Assign a Settings Catalog policy
POST https://graph.microsoft.com/v1.0/deviceManagement/configurationPolicies/{policyId}/assign
Content-Type: application/json
{
"assignments": [
{
"target": {
"@odata.type": "#microsoft.graph.groupAssignmentTarget",
"groupId": "00000000-0000-0000-0000-000000000000"
}
}
]
}
Update a Settings Catalog policy
PATCH https://graph.microsoft.com/v1.0/deviceManagement/configurationPolicies/{policyId}
Content-Type: application/json
{
"name": "Windows 11 device settings",
"description": "Updated settings for Windows 11 workstations."
}
Important
New policies created in the Intune admin center as Settings Catalog policies will appear under deviceManagement/configurationPolicies, not deviceConfigurations. The endpoint deviceManagement/deviceConfigurations is still valid but only applies to legacy template-based configuration profiles. It should be used only for managing existing legacy profiles, not for creating new policies.
Add or remove policy assignments
You can update assignments without recreating the policy, which helps manage the policy lifecycle more safely and efficiently. Changing assignments lets you move a policy from a pilot group to a broader audience, replace groups when teams change, or temporarily remove a target for troubleshooting—without altering the policy settings themselves. When you automate assignment changes, include verification steps that confirm group membership and deployment success so you can detect and roll back unintended assignments quickly.
Note
This sample URL is a Graph API request endpoint that requires authentication and is not a browser-accessible documentation page.
POST https://graph.microsoft.com/v1.0/deviceManagement/deviceConfigurations/{profileId}/assign
Content-Type: application/json
{
"assignments": [
{
"target": {
"groupId": "ANOTHER_GROUP_ID"
}
}
]
}
This request creates a profile assignment that targets the specified Entra ID group so devices or users in that group receive the configuration profile.
Monitor and validate automation results
After automation runs, check deployment status and device compliance.
Get policy assignment status
You need to add the policyId of the policy you want get the status of and replace the placeholder with this ID.
Note
This sample URL is a Graph API request endpoint that requires authentication and is not a browser-accessible documentation page.
GET https://graph.microsoft.com/v1.0/deviceManagement/deviceCompliancePolicies/{policyId}/assignments
Get device compliance state
Note
This sample URL is a Graph API request endpoint that requires authentication and is not a browser-accessible documentation page.
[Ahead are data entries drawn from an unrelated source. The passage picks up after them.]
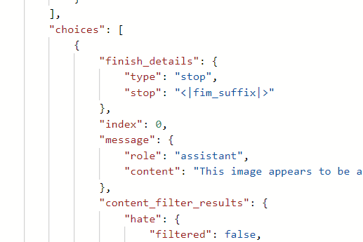 In case the image contains something that is not ok, finish_details include type “content_filter” as value. You can also get information about various levels of content from content_filter_results.
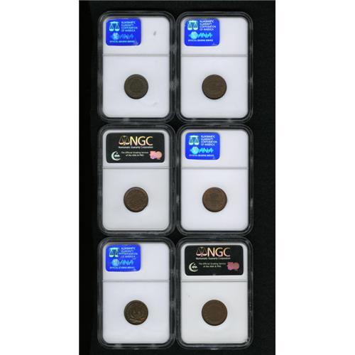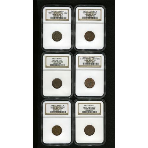 <B>1863 Indian Head/George Washington Patriotic Civil War Token Lot.</B></I> Each has an 1863-dated obverse with the Indian Head or George Washington motifs; a nice dealer lot or upgrade lot. Consists of: an <B>Indian Head/Cannons, Fuld-81/351A, R.1, MS62 Red and Brown NGC; Indian Head/Not One Cent, Fuld-88/361A, R.3, MS64 Red and Brown NGC; Indian Head/Not One Cent, Fuld-95/368A, R.2, MS62 Brown NGC; Indian Head/Union and Liberty, Fuld-99/292A, R.3, MS62 Red and Brown NGC; George Washington/New York, Fuld-110/442A, R.1, MS63 Red and Brown NGC;</B></I> and a <B>George Washington/Liberty Cap and Shield, Fuld-111/340A, MS65 Red and Brown NGC.</B></I> Current catalog value is approximately $250-$350.<BR><BR><b>Shipping:</b> Coins & Currency (<a target="_blank" href="http://www.heritageauctions.com/common/shipping.php">view shipping information</a>)
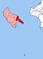 The municipal unit of Zákynthos lies in the easternmost part of the island and has a land area of 45.79 square kilometres (17.68 square miles)[3] and a population of 16,810 at the 2011 census. It is subdivided into the communities Zakynthos (pop. 9,773), Ampelokipoi (1,930), Argasi (1,266), Vasilikos (799), Gaitani (1,899) and Bochali (1,143). The municipal unit also includes the Strofades islands, which lie about 50 kilometres (31 miles) south of Zákynthos island.

GET https://graph.microsoft.com/v1.0/deviceManagement/managedDevices?$filter=complianceState ne 'compliant'
Tip
Use filters such as $filter=complianceState ne 'compliant' to quickly identify devices that need remediation.
Permissions and secure automation
Intune policy automation requires the right Graph permissions. Use application permissions for unattended automation and delegated permissions for interactive scenarios.
Common permissions for policy automation include:
DeviceManagementConfiguration.ReadWrite.AllDeviceManagementConfiguration.Read.AllDeviceManagementManagedDevices.Read.AllDeviceManagementManagedDevices.ReadWrite.All
Important
Always grant the least privilege needed. Review and consent to permissions in Microsoft Entra ID, and avoid placing credentials in scripts.